V1, Rotate- and the jet won't. You're the FO..
- Thread starter Firebird2XC
- Start date
I think the theory is that after you rotate, you won't be aborting. Which in this situation isn't entirely correct.
Screaming_Emu
Well-Known Member
Gotcha. The numbers are there, but the powers that be keep them secret...
That seems to be a trend. Our manuals are getting more and more dumbed down. One of our flight attendants had a misconception about what had to do with the railings for the air stairs before the door was closed. I got my manual out to make sure I wasn't the one screwing it up. Our manual basically said "you have rails on the air stairs."
Agreed... Normally for us though, Vr is typically 10 kts faster than V1. The time between V1 and Vr are definitely open to possible aborts when the aircraft is UNFLYABLE.
In the civil world, it's done a little differently than you and I did/do it military. You're thinking Situation 1/2/3 type thinking......where 1 is CFL is less than RL, 2 where they're equal, 3 where CFL exceeds RL. So not only are there Refusal Speeds (V1/S1, whatever), there's also Decision Speeds.
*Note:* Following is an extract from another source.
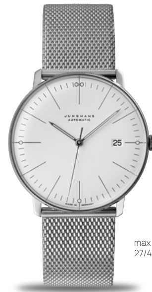
max bill Automatic 2714002.46

Gehäuse Edelstahl | Saphirglas | wasserdicht bis 5 bar max bill Chronoscope: Automatikwerk J880.2 | Stoppfunktion | Gehäuse Ø 40,0 mm max bill Automatic: Automatikwerk J800.1 | Gehäuse Ø 38,0 mm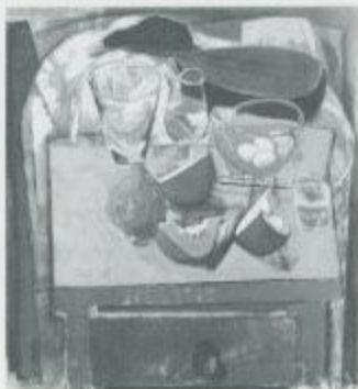
小磯良平「かぼちの果物静物」 1957年 油彩・キャンバス 98.8×91.0cm

小磯アトリエ(当館中庭に移築・復元)から生まれていった作品の数々をお楽しみください。

In civil, you can have so much runway available, that V1 climbs up to and eventually meets Vr. V1 never exceeds Vr (though it technically can), because you're getting airborne by then. Emu was making the good point that starts to talk to what you and I understand, in terms of knowing what that excess runway length is, and how it can help you for an abort past V1 if necessary.
Screaming_Emu
Well-Known Member
We very rarely have any kind of split. We will usually only see it on a contaminated runway. Even on most short runways you'll only see a few knots of split because our data includes stop ways off the end of the runway (which is pretty dumb in my opinion).
It happens so rarely that when PF and there is a large split I request that when the captain calls V1, he follows with "don't rotate." I'm a creature of habit and could see myself expecting V1 and Vr to be the same. "Then you're gonna have a bad time..."
Sounds like the with the military version, it's more "go" oriented, and more "stop" in civil then. If you're allowing RA drive V1, you're going to have a much longer time until reaching V1 in order to stop.
That's the thing, for you and me, we can have a Decision Speed which can be past Refusal Speed, CFL dependant. We aren't going to be able to stop, but we'll still be able to get airborne at that speed (not that it would matter with a plane that's incapable of flying; am only talking performance-wise), whereas civil, V1 will only go as high as Vr and not beyond (though it technically exists beyond, RA-dependant).
Actually, we don't ever let V1 pass Refusal. If V1 > Vrefusal, we reduce gross weight to make CFL equal to RA, therefore V1 = Vrefusal.
It sounds like from the civil standpoint thought, they aren't computing a true V1 as you and I know it. They're basing it off of Vrotate and the RA instead of CFL.
All of our numbers are based on reaching Vmcg as quickly as possible. Once there, it's safer to maintain thrust and take the aircraft airborne than it is to stop.
If civil is basing it more on the premise of maximizing time to abort, it makes sense to take V1 as high as Vrotate. The aircraft might be "flyable" sooner than the civil charted V1, but the pilot will have more time to decide on an abort.
Back in the day, if CFL exceeded RA, we could still go, pending we had higher level approval....ie- combat necessity. Made no sense to download bombs or munitions, or fuel if there was no airborne tanker and/or no time to go to one. That was all part of the risk. Too though, we had arresting cables and/or barriers, or drag chutes, to assist.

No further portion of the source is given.